Он вдруг замолчал, кашлянул, посмотрел на меня сбоку и улыбнулся своей мягкой, милой улыбкой, которая всегда так неотразимо влекла к нему и возбуждала особенное, острое внимание к его словам.

— Вам скучно слушать мои фантазии? А я люблю говорить об этом. Если б вы знали, как необходим русской деревне хороший, умный, образованный учитель! У нас в России его необходимо поставить в какие-то особенные условия, и это нужно сделать скорее, если мы понимаем, что без широкого образования народа государство развалится, как дом, сложенный из плохо обожженного кирпича! Учитель должен быть артист, художник, горячо влюбленный в свое дело, а у нас — это чернорабочий, плохо образованный человек, который идет учить ребят в деревню с такой же охотой, с какой пошел бы в ссылку. Он голоден, забит, запуган возможностью потерять кусок хлеба. А нужно, чтобы он был первым человеком в деревне, чтобы он мог ответить мужику на все его вопросы, чтобы мужики признавали в нем силу, достойную внимания и уважения, чтобы никто не смел орать на него... унижать его личность, как это делают у нас все: урядник, богатый лавочник, поп, становой, попечитель школы, старшина и тот чиновник, который носит звание инспектора школ, но заботится не о лучшей постановке образования, а только о тщательном исполнении циркуляров округа. Нелепо же платить гроши человеку, который призван воспитывать народ, — вы понимаете? — воспитывать народ! Нельзя же допускать, чтоб этот человек ходил в лохмотьях, дрожал от холода в сырых, дырявых школах, угорал, простужался, наживал себе к тридцати годам лярингит, ревматизм, туберкулез... ведь это же стыдно нам! Наш учитель восемь, девять месяцев в году живет, как отшельник, ему не с кем сказать слова, он тупеет в одиночестве, без книг, без развлечений. А созовет он к себе товарищей — его обвинят в неблагонадежности, — глупое слово, которым хитрые люди пугают дураков!.. Отвратительно все это... какое-то издевательство над человеком, который делает большую, страшно важную работу. Знаете, — когда я вижу учителя, — мне делается неловко перед ним и за его робость, и за то, что он плохо одет, мне кажется, что в этом убожестве учителя и сам я чем-то виноват... серьезно!

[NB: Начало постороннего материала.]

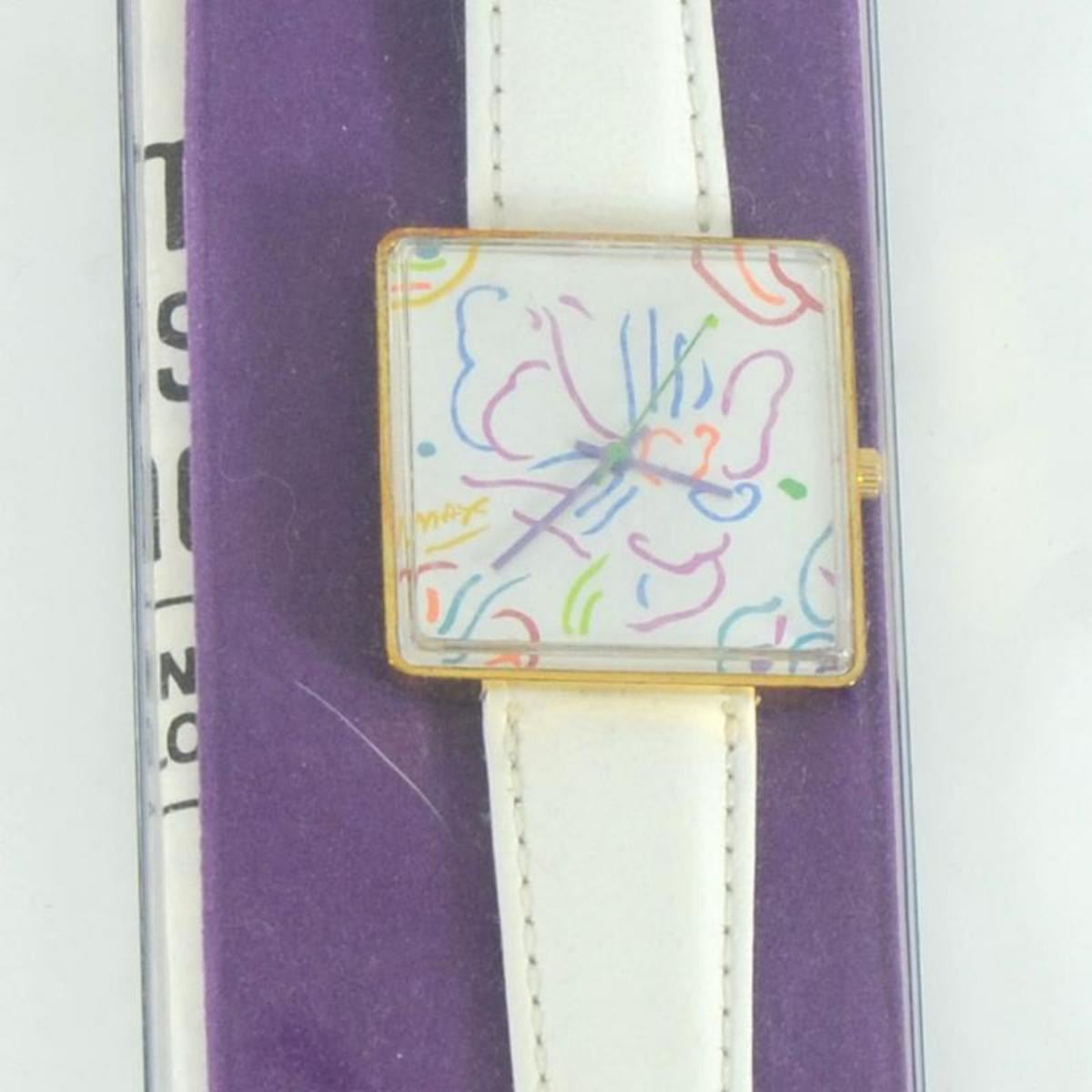 This is a vintage Peter Max wrist watch created for the Japanese market in 1991. This watch comes in the original packaging and with paperwork. Due to the age of the watch the battery will need to be replaced. A replacement battery will be included in this auction complementary. Measures approx. 1.5" x 1.5" (watch face). Reference #: 237994
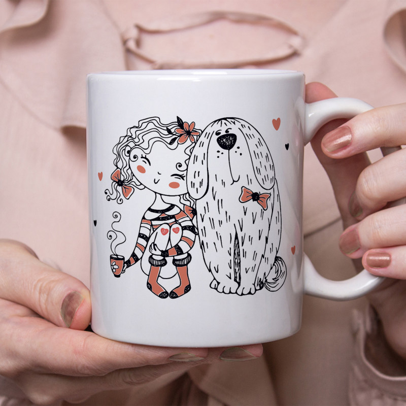 خرید ماگ-لیوان دختر مهربان و سگ بامزه بهترین دوست
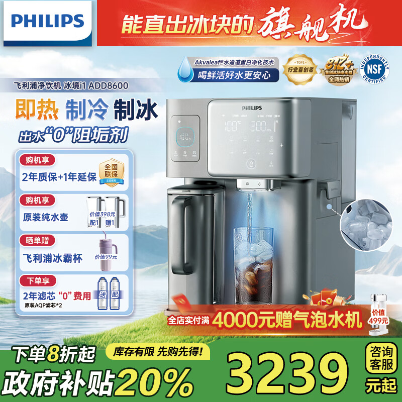 飞利浦(PHILIPS)冰块净水器家用台式即热免安装净饮机矿泉加热直饮一体机饮水机 冰境i1全自动制冰机ADD8600 【首创制冰功能】两芯装
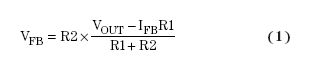 我们刚刚讨论了如何利用大反馈电阻来提高效率。然而,选择的电阻过大则会影响转换器的输出电压精确度,因为存在进入转换器反馈引脚的漏电流。图2显示了电阻式反馈分压器(R1和R2)的电流通路。反馈漏电流(IFB)固定不变时,R1的电流(IR1)随着R1和R2值增加而减小。因此,分压器电阻增加也就意味着进入反馈引脚的IR1漏电流百分比更大,并且R2的电流(IR2)降低,从而产生低于预期的反馈引脚电压(VFB)。我们将VFB同一个内部基准电压比较,以此来设置输出电压,因此反馈电压的任何一点误差都会导致输出电压不精确。我们可以由基尔霍夫(Kirchhoff)电流定律推导出方程式1,其表明VFB为R1和R2的函数:
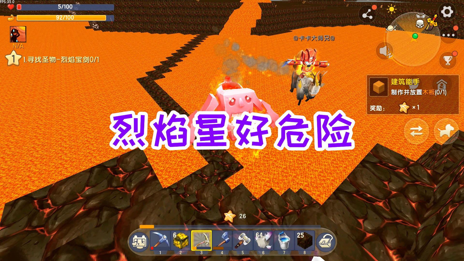 迷你世界双人生存21:烈焰星好危险,大师兄召唤出火麒麟走岩浆
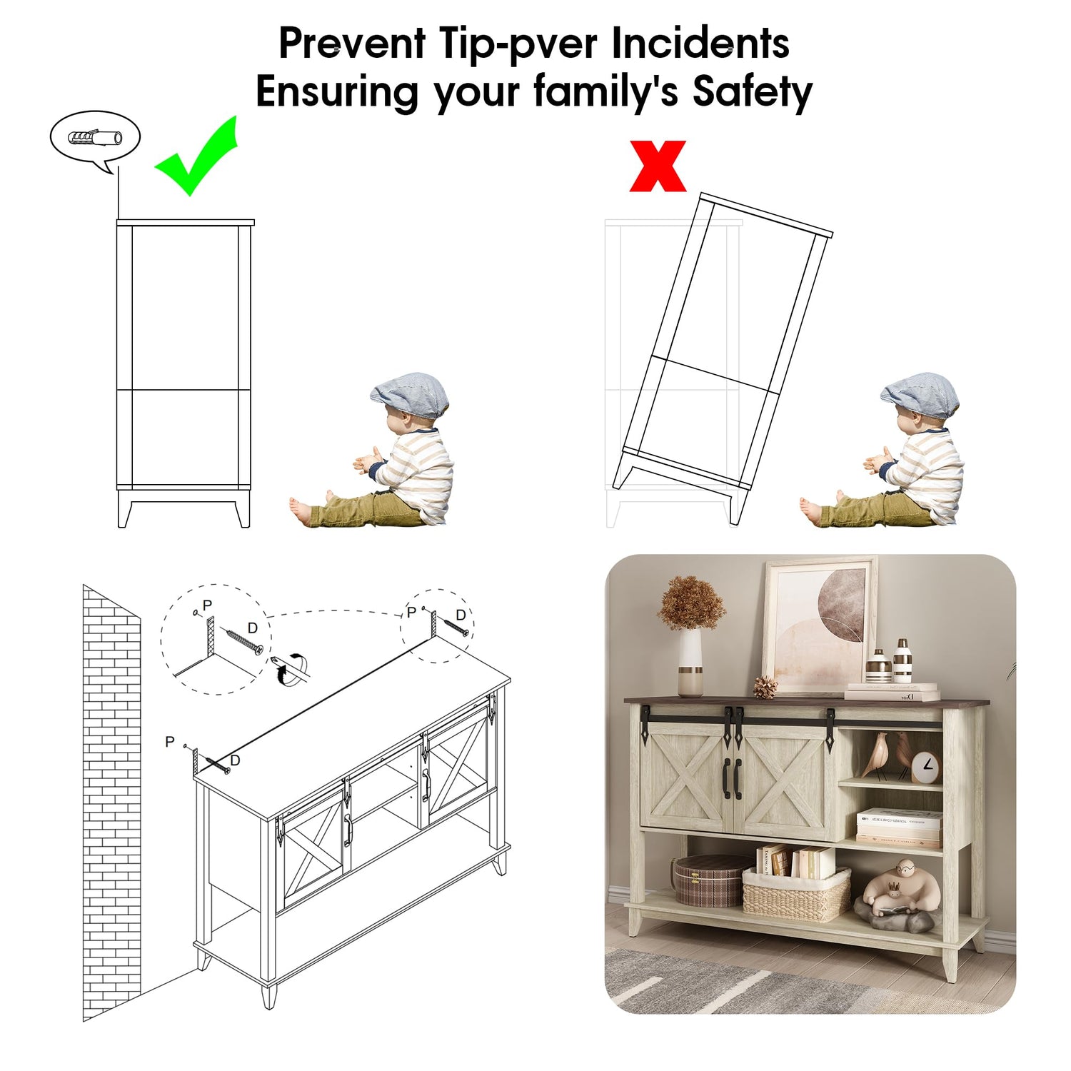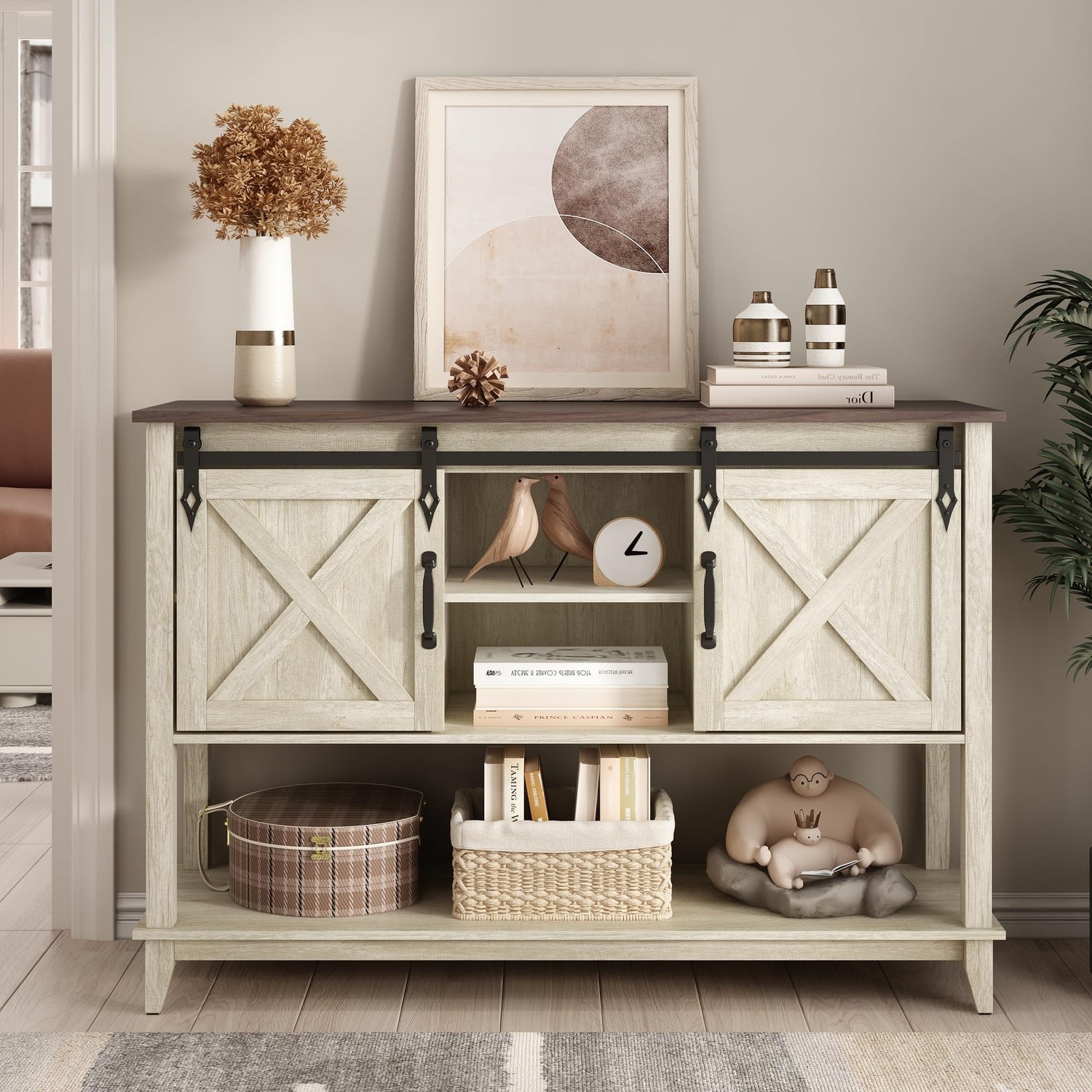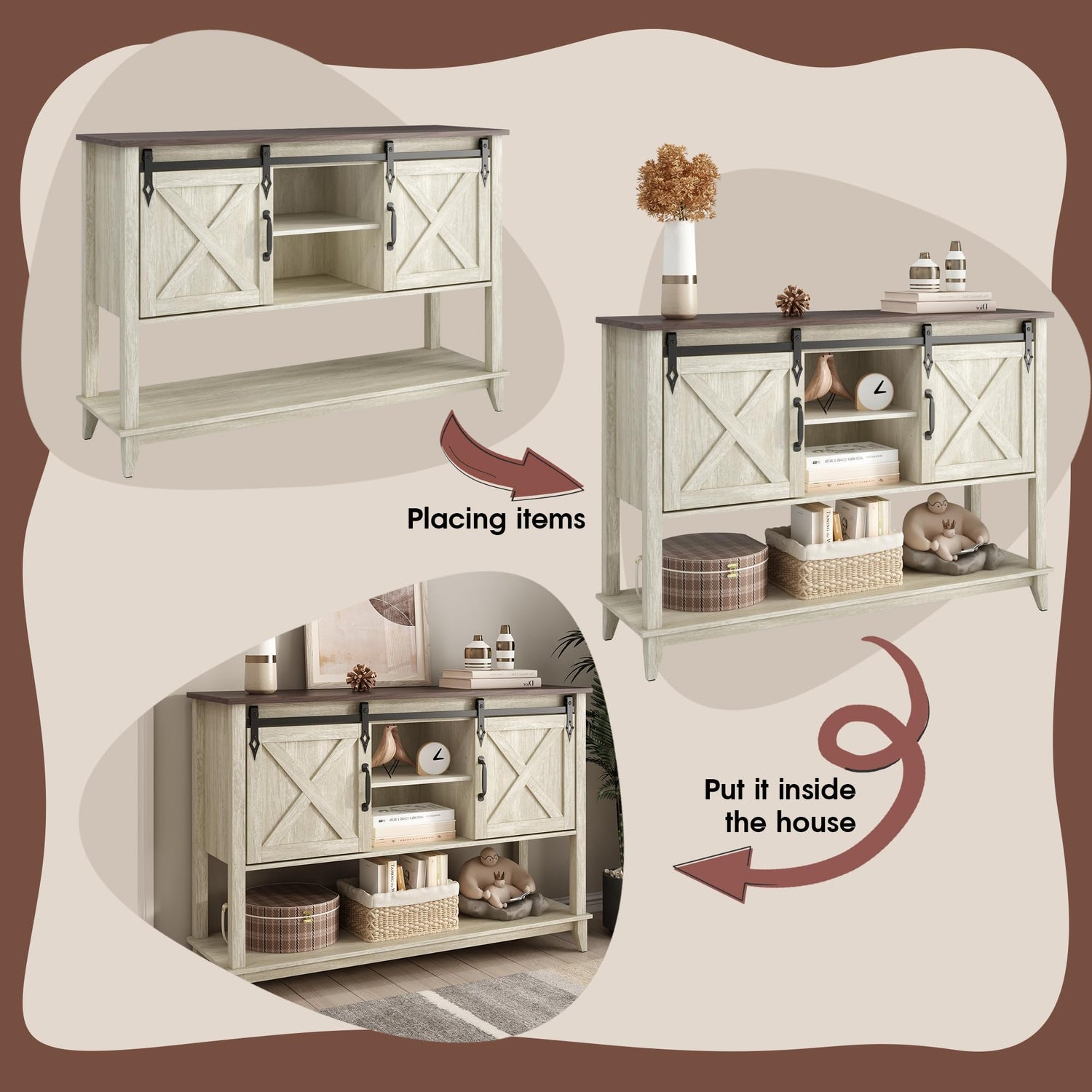 - 【Sliding Barn Door Console Table】: Features two removable barn doors for easy sliding and space saving. The simple design of the X line brings out the farmhouse style atmosphere, adding to the charm and beauty of the entrance. The sliding barn door features metal hardware that gives the entryway table a unique look and a great feel. High-quality slide rails ensure smooth sliding, you can also choose to slide the door to any side, creating a clean, organized entryway.
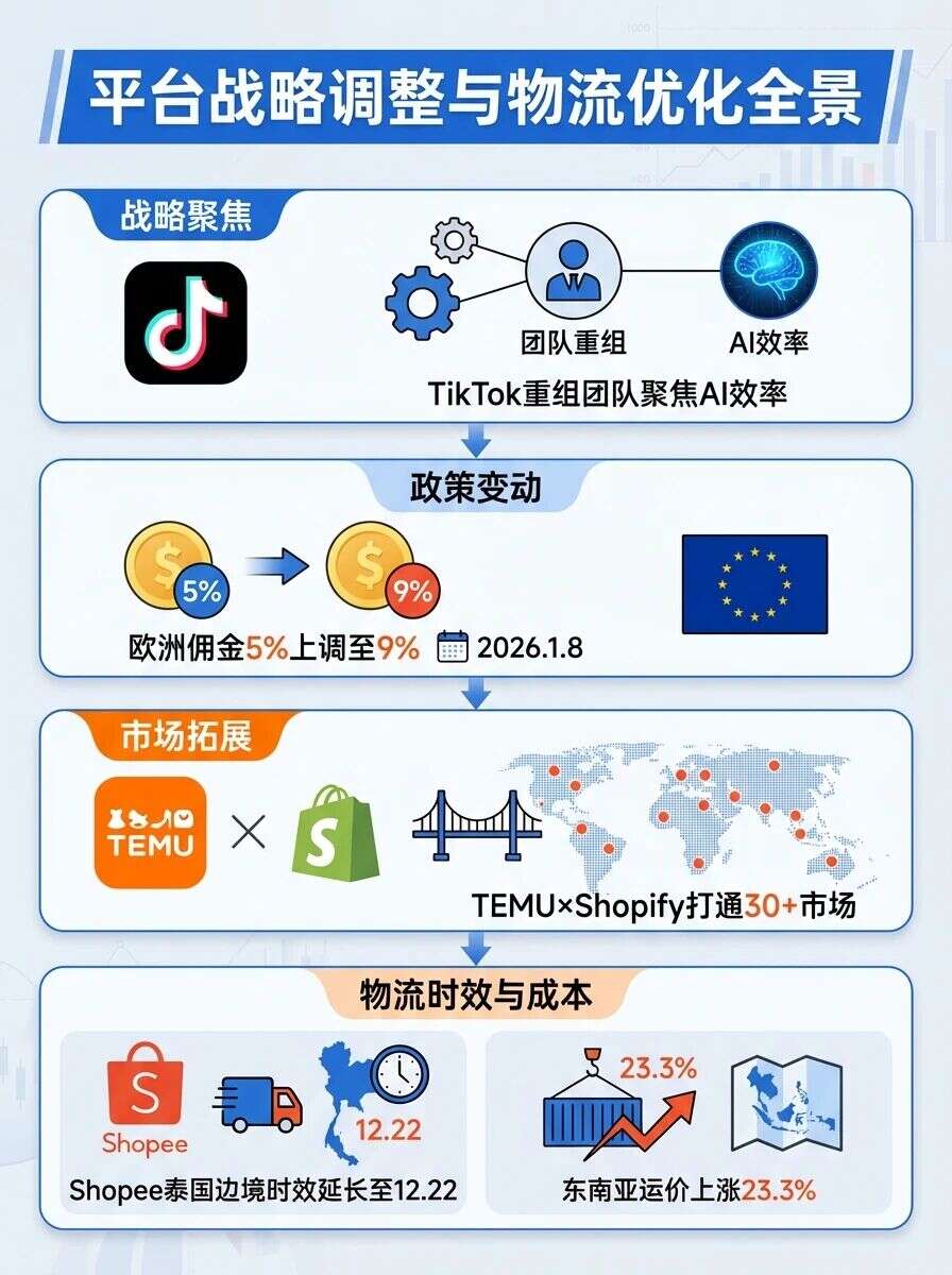 TikTok近期重组电商产品与数据团队,将AI与效率提升作为投资重点,并在欧洲市场推出新功能。同时,TikTok Shop欧洲五国站点销售佣金将从5%上调至9%(2026年1月8日生效)。TEMU与Shopify打通,为约225万Shopify商家提供进入全球30多个市场的通道。物流方面,泰柬边境冲突导致陆运中断,Shopee已延长泰国受影响地区订单发货时效至12月22日,东南亚航线运价指数较一个月前大幅上涨23.3%。
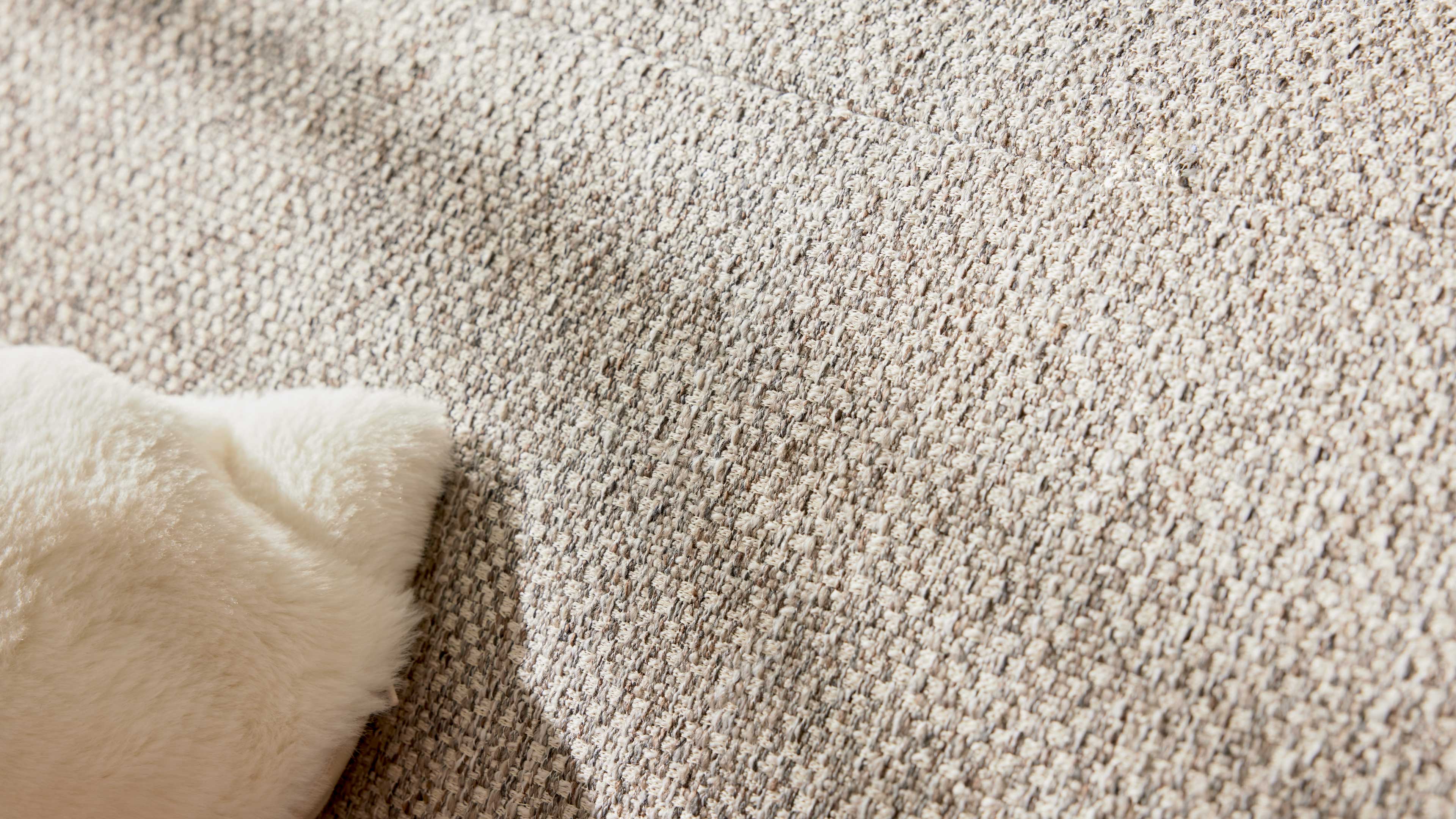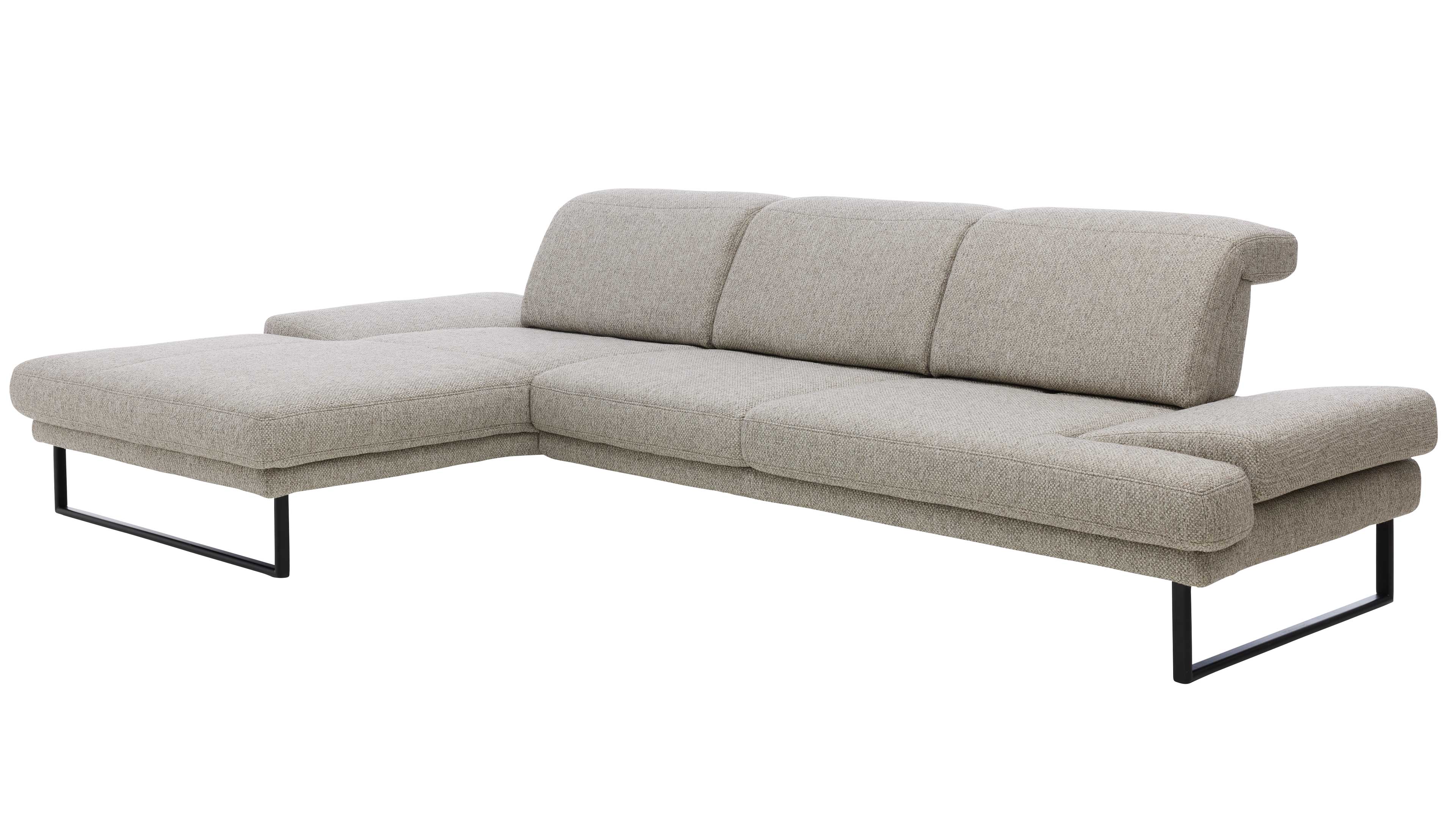 Der zeitlose Webstoff in Silbergrau trifft auf filigrane Metallrundfüße in Schwarz und verleiht dem Sofa eine leichte, moderne Anmutung. Die Kombination wirkt elegant und zugleich wohnlich – für eine Couchlandschaft, die sich nahtlos in zeitgemäße Einrichtungsstile einfügt.

Он замолчал, задумался и, махнув рукой, тихо сказал:

— Такая нелепая, неуклюжая страна — эта наша Россия.

***

Прощаясь с хозяином, учитель взял обеими руками его небольшую сухую руку с тонкими пальцами и, потрясая ее, сказал:

— Шел я к вам, будто к начальству — с робостью и дрожью, надулся, как индейский петух, хотел показать вам, что, мол, и я не лыком шит... а ухожу вот — как от хорошего, близкого человека, который все понимает. Великое это дело — все понимать! Спасибо вам! Иду. Уношу с собой хорошую, добрую мысль: крупные-то люди проще, и понятливее, и ближе душой к нашему брату, чем все эти мизеры, среди которых мы живем. Прощайте! Никогда я не забуду вас...

Нос у него вздрогнул, губы сложились в добрую улыбку, и он неожиданно добавил:

— А собственно говоря, и подлецы — тоже несчастные люди, — черт их возьми!

Когда он ушел, Антон Павлович посмотрел вслед ему, усмехнулся и сказал:

— Хороший парень. Недолго проучит...

— Почему?

— Затравят... прогонят...

Подумав, он добавил негромко и мягко:

— В России честный человек — что-то вроде трубочиста, которым няньки пугают маленьких детей...

***

Однажды его посетили три пышно одетые дамы; наполнив его комнату шумом шелковых юбок и запахом крепких духов, они чинно уселись против хозяина, притворились, будто бы их очень интересует политика, и — начали «ставить вопросы».

— Антон Павлович! А как вы думаете, чем кончится война?

Антон Павлович покашлял, подумал и мягко, тоном серьезным, ласковым ответил:

— Вероятно — миром...

— Ну, да, конечно! Но кто же победит? Греки или турки?

— Мне кажется — победят те, которые сильнее...

— А кто, по-вашему, сильнее? — наперебой спрашивали дамы.

— Те, которые лучше питаются и более образованны...

— Ах, как это остроумно! — воскликнула одна.

— А кого вы больше любите — греков или турок? — спросила другая.

Антон Павлович ласково посмотрел на нее и ответил с кроткой, любезной улыбкой:

— Я люблю — мармелад... а вы — любите?

— Очень! — оживленно воскликнула дама.

— Он такой ароматный! — солидно подтвердила другая.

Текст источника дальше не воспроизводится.